_TASK DESCRIPTION_:
A verbatim reproduction of the lines below, from the line containing "Eesti looduskosmeetika salong" through the line containing "Prodám dětskou koloběžku", both ends included, is the whole required output.

_DATA EXTRACTS_:
——————
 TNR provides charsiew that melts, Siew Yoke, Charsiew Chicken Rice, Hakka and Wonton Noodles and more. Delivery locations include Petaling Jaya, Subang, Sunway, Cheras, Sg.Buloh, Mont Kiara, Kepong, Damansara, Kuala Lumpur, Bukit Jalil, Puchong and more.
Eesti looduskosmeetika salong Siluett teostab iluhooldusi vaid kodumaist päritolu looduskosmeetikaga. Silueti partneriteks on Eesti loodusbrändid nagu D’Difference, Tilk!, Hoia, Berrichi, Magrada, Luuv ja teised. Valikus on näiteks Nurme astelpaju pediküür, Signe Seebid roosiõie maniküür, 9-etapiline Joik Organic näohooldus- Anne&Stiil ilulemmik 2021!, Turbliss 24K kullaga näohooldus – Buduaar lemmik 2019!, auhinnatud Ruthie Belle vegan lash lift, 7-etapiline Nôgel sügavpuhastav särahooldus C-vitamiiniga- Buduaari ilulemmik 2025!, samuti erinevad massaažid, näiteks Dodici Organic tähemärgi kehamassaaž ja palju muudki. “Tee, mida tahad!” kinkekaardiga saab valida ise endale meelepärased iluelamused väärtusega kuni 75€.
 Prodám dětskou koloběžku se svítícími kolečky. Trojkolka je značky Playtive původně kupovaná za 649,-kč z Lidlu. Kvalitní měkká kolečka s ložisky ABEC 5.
——————
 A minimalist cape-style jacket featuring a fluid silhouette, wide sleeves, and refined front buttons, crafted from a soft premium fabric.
——————
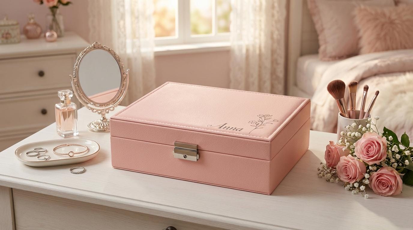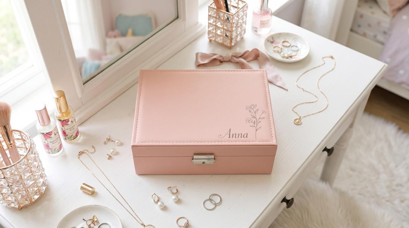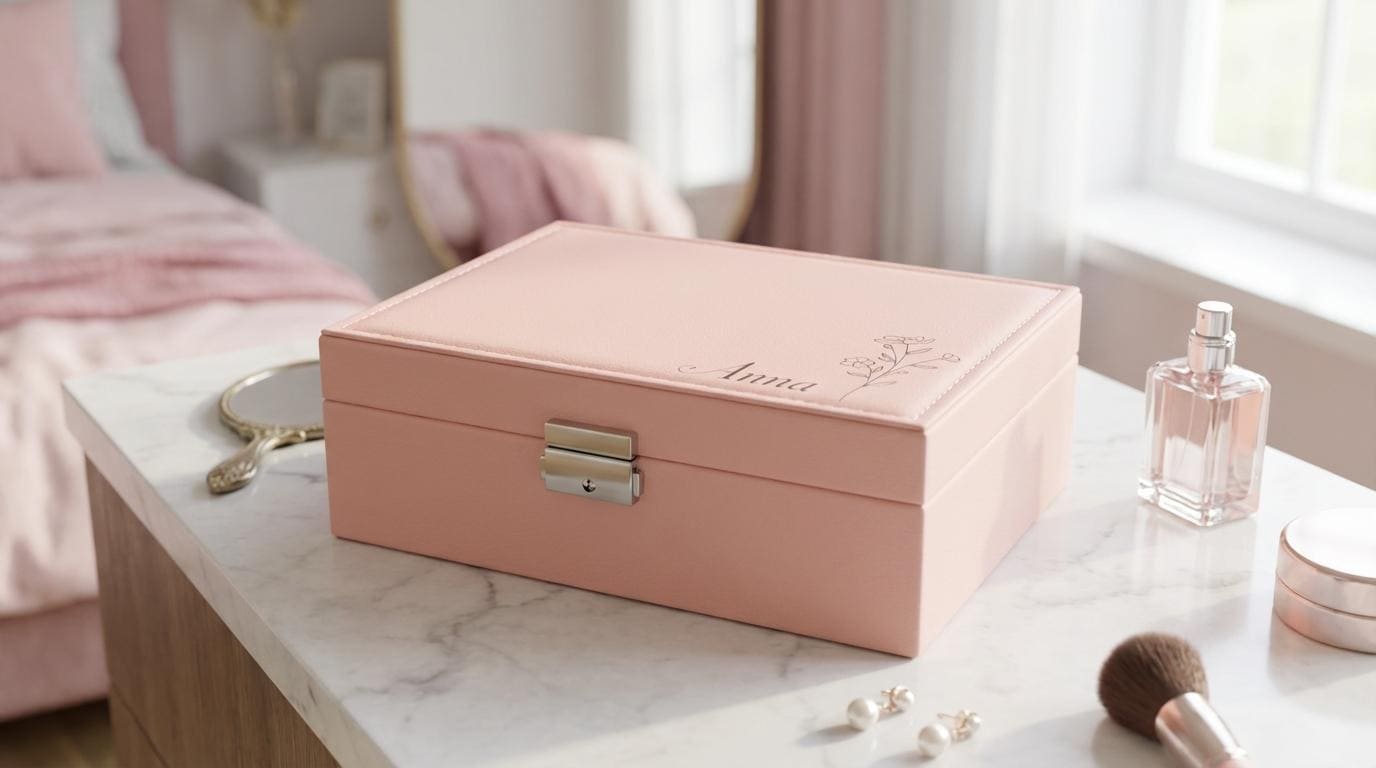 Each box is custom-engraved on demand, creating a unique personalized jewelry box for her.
——————
_ANSWER SECTION_:
Eesti looduskosmeetika salong Siluett teostab iluhooldusi vaid kodumaist päritolu looduskosmeetikaga. Silueti partneriteks on Eesti loodusbrändid nagu D’Difference, Tilk!, Hoia, Berrichi, Magrada, Luuv ja teised. Valikus on näiteks Nurme astelpaju pediküür, Signe Seebid roosiõie maniküür, 9-etapiline Joik Organic näohooldus- Anne&Stiil ilulemmik 2021!, Turbliss 24K kullaga näohooldus – Buduaar lemmik 2019!, auhinnatud Ruthie Belle vegan lash lift, 7-etapiline Nôgel sügavpuhastav särahooldus C-vitamiiniga- Buduaari ilulemmik 2025!, samuti erinevad massaažid, näiteks Dodici Organic tähemärgi kehamassaaž ja palju muudki. “Tee, mida tahad!” kinkekaardiga saab valida ise endale meelepärased iluelamused väärtusega kuni 75€.
 Prodám dětskou koloběžku se svítícími kolečky. Trojkolka je značky Playtive původně kupovaná za 649,-kč z Lidlu. Kvalitní měkká kolečka s ložisky ABEC 5.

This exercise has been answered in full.